WEST NEWTON (KDKA) --- There will be applause, and perhaps a few tears, when a Biochemistry major from West Newton accepts her diploma at Saint Vincent College on Saturday.

Biochemistry major Christie Cyktor was born with a muscle weakening condition called Anthrogryposis.

"Hello, Dr. Caryl." Entering the lab in her wheelchair, she greets Dr. Caryl Fish, her faculty advisor on a senior project to overcome masking agents for morphine in drug tests.

"It was never a burden," Dr. Fish says. "It just seemed like this is what she did, and she would figure out a way to do it."

Christie says her college was receptive to her needs.

"If I say, hey, can you put a handicapped button on this door, then it's up within a week," Christie says. "They've been great about making sure I have the greatest college experience that I can."

The tattoo on Christie's arm tells a poignant story. "Inter-linking L and J for my parents' initials," she explains. "My brother and my sisters and myself all got the tattoo in their memory."

Her college years have been marked by tragedies that might have stopped other students in their tracks.

Before her sophomore year, her mother died of cancer.

A heart attack claimed her father's life last spring.

Christie was a freshman when she started the campus chapter of "Colleges against Cancer."

"This was when my mother was still alive, and I wanted to start the club in her honor," Christie says.

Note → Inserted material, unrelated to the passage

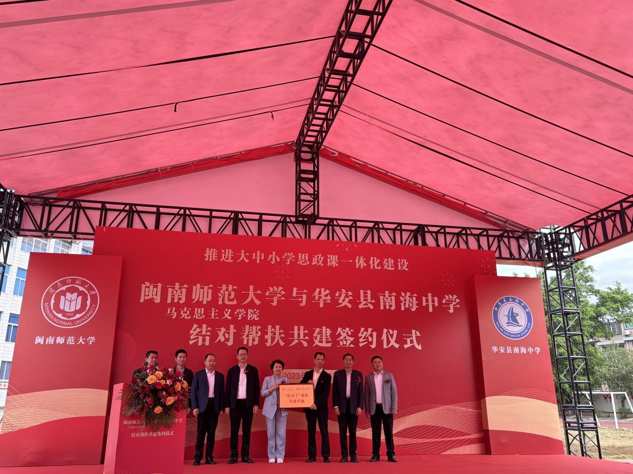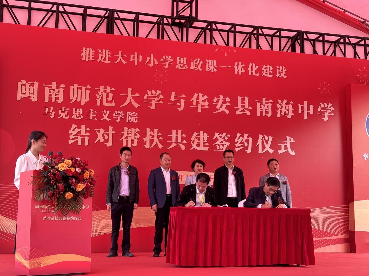 在签约仪式上,蔡森成部长表达了对人兽性交 的感谢,并对今后的结对帮扶活动给予了深厚的期望。陈再生院长介绍了学院发展历程与育人成效,期待与华安县南海中学共同推进大中小学思政课建设。

She says her mother joined her in Latrobe's Relay for Life. "That summer she passed away, but I decided I wanted St. Vincent to have a Relay for Life, and really make it special. My dad got to come and see that, and saw what all of my work went toward, so it's so special to me. They didn't raise me to sit and be sad about my disability or anything. So after they both passed away, I thought it doesn't make sense to give up what they wanted for me."

Bound for studies in Forensic Science at West Virginia University, Christie Cyktor still strives to make her parents proud.

"Keep smiling," she says, "because that's what they would have wanted."